Validation of a Handprint for Clinical Evaluation of Dupuytren's Contracture

Abstract

Objective We have developed a handprint-based method for visualizing and quantifying the palmar contact of patients with Dupuytren's contracture. The purpose of this study was to examine whether the generated handprint was useful for assessing the severity of flexion contracture of the fingers and for evaluating the therapeutic effects of collagenase clostridium histolyticum (CCH) injection for Dupuytren's contracture.Methods The handprint was created by applying medical-grade ethanol-containing hand sanitizer over the entire palmar surface of the affected hand and then pressing it on thermal paper for word processors.

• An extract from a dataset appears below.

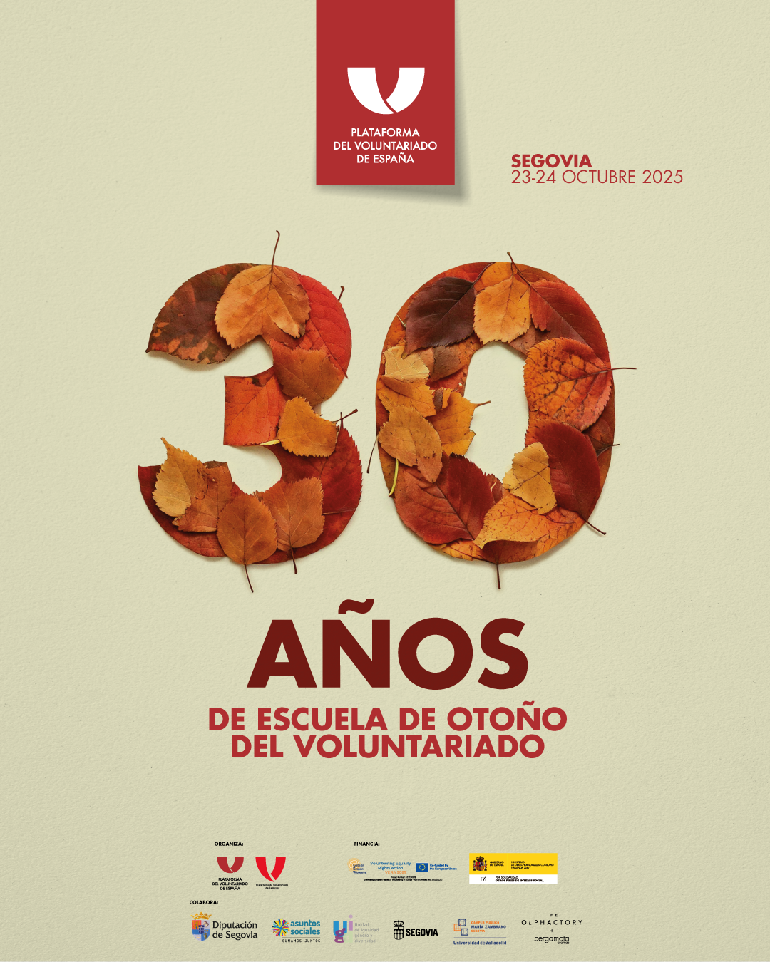 Este año, en los días 23 y 24 de octubre en colaboración con la Plataforma de Voluntariado de Segovia conmemoramos los 30 años de la Escuela de Otoño en el Campus María Zambrano Segovia (Universidad de Valladolid)

The reliability of the handprint was evaluated through test–retest of 10 healthy volunteers at an interval of 10 days, and the validity of the handprint was assessed using a flexion contracture model in which the little finger was fixed in an Alfence splint. In addition, we obtained handprints of the affected hand in 33 patients with unilateral Dupuytren's contracture both before CCH injection and at the final observation after injection to investigate the contact area of the hand (CAH) and the length of the hand (LH). The relationships between CAH, LH, total extension deficit angle (TEDA), and patient-reported outcome measures (Japanese Society for Surgery of the Hand Version of the Quick Disability of Arm, Shoulder, and Hand Questionnaire [Quick DASH-JSSH] and Hand20) were examined.Results The test–retest correlation coefficient was 0.9187 (p < 0.001) for CAH and 0.9052 (p < 0.001) for LH, indicating high reliability of the handprint. The ratios of CAH and LH decreased gradually as the contracture angle of the splinted finger increased. The handprint revealed a marked improvement of palmar contact after CCH injection for Dupuytren's contracture. Furthermore, the ratios of CAH and LH were strongly correlated with TEDA, Quick DASH-JSSH, and Hand20 before treatment.Conclusion Our handprint-based assessment method was extremely useful for clinical evaluation of CCH treatment for Dupuytren's contracture.Type of Study/Level of Evidence Therapeutic.